Performance
The number of transistors available has a huge effect on the performance of
a processor. As seen earlier, a typical instruction in a processor like an 8088
took 15 clock cycles to execute. Because of the design of the multiplier, it
took approximately 80 cycles just to do one 16-bit multiplication on the 8088.
With more transistors, much more powerful multipliers capable of single-cycle
speeds become possible.
More transistors also allow a technology called pipelining. In a pipelined architecture, instruction execution overlaps. So even though it might take 5 clock cycles to execute each instruction, there can be 5 instructions in various stages of execution simultaneously. That way it looks like one instruction completes every clock cycle.
Many modern processors have multiple instruction decoders, each with its own pipeline. This allows multiple instruction streams, which means more than one instruction can complete during each clock cycle. This technique can be quite complex to implement, so it takes lots of transistors.
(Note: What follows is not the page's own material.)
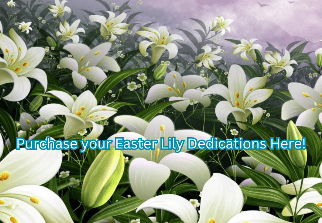 We invite you to honor someone you love, whether living or deceased, with a potted Easter Lily plant. Lilies are $15 each and will be used to decorate the sanctuary on Easter Sunday. After the service, you may take the lily home for your own enjoyment.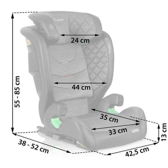 2-položajna nastavitev kota naklona, namestitev ISOFIX, Odstranljiva in pralna prevleka. Ustreza evropskim varnostnim standardom ECE R129 – odobritev i-Size. Zasnovan za otroke, visoke 100–150 cm (primerno za 4–12 let), 4-točkovne vzdržljive pritrdilne točke za varnostni pas, Okrepljena zaščita pred udarci zahvaljujoč materialom stranskih odbojnikov, 12-položajna nastavitev vzglavnika – sedež raste z vašim otrokom,

The trend in processor design has been toward full 32-bit ALUs with fast floating point processors built in and pipelined execution with multiple instruction streams. There has also been a tendency toward special instructions (like the MMX instructions) that make certain operations particularly efficient. There has also been the addition of hardware virtual memory support and L1 caching on the processor chip. All of these trends push up the transistor count, leading to the multi-million transistor powerhouses available today. These processors can execute about one billion instructions per second!
![]() |